The Congress, which enjoys the support of backward classes and minorities, is hoping to get the Lingayats on board to help undermine the BJP in Karnataka and stop the saffron party from repeating its recent landslide victories in other state elections like Uttar Pradesh.
For the BJP, the Lingayats have been a voter base, helping the party to remain a force to reckon with despite its disastrous outing in the 2013 elections or years in power from 2008-2013.
Sandeep Shastry, political scientist and pro-vice chancellor at Jain University, said the Lingayats have always been with the BJP. “Even in the last election (2013), votes just got split between KJP (Karnataka Janata Party) and BJP, but the Lingayat vote did not necessarily go to the Congress party last time they came to power,” Shastry said.
The latest round of agitations, which have seen a large turnout in different parts of the state, have seen people take differing stands, even within the same party, even as the Congress and Bharatiya Janata Party (BJP) have locked horns over the issue.

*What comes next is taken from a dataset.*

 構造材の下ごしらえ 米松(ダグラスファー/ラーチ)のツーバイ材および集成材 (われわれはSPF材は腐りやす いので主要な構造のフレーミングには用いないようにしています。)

Though former Karnataka chief minister and BJP leader B.S. Yeddyurappa has backed the faction to remain with Hinduism to resist any attempt to isolate the Veerashaivas, he has remained tightlipped about the issue. He, however, used the opportunity to attack Patil and Karnataka CM Siddaramaiah for trying to (what the BJP terms) “divide the society for political gains”.

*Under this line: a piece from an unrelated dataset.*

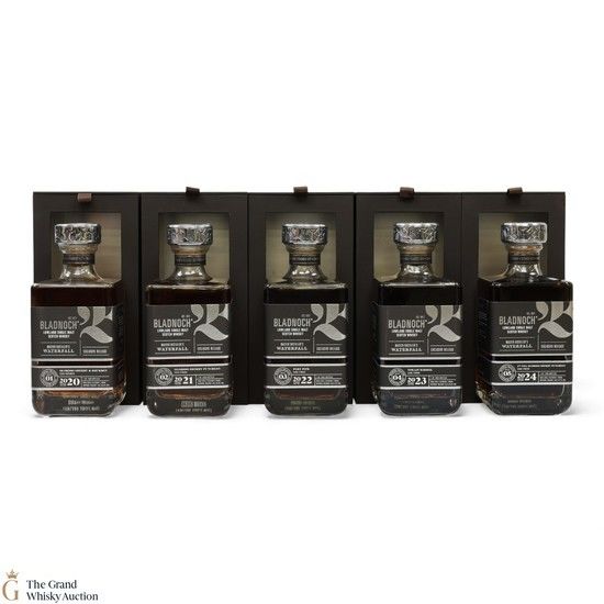 Curated by Master Distiller Dr. Nick Savage, each release was limited to only 1,000 individually numbered bottles. The collection is named for the "waterfall effect" created as the remaining whisky from one year's bottling was decanted into a new cask for further finishing for the next year's batch. Released from 2020 - 2024, this is the complete collection of the five Bladnoch Master Distiller's Waterfall batch releases.

Some, within the Congress, have remained non-committal on the issue.
Patil, on 11 September claimed to have the backing of Sri Sri Sri Shivakumar Swamyji, the 110-year-old spiritual leader of the community.
However, two days later, the seer in a letter, denied extending any support for a separate religion or break from Veerashaivas.
Patil swears by his earlier statement, where he claimed the support extended by Sri Sri Sri Shivakumar Swamyji, and vows to continue the agitation despite media reports that the party high command is unhappy with the developments. “It’s a decision left to Siddaramaiah. High command will not interfere in it,” said a senior All India Congress Committee (AICC) member, requesting not to be named.
Patil, on the other hand, is prepared to take the century-old struggle to its logical end. He argues that Basavanna—the 12th century thinker known as the intellectual preceptor of the Lingayat community—a Brahmin by birth, had left Hinduism as he was against the Vedas, Upanishads, caste system and other beliefs. “We have less in common with Hinduism than Sikhs or Jains.” he said on Thursday.
Jamdar says that the Peeta or priestly system followed by Veerashaivas has corrupted the Lingayat way of life. He said that there are about 3,000 Virakta Muttas (which Lingayats follow) in Karnataka and surrounding states and about 200-300 Pancha Peetas (which Veerashaivas follow). He added that Veerashaivas only make up for about 1-2% of the entire Lingayat population, an argument to support the claim that it will continue to be a dominant community, making them that much more attractive as a voter base.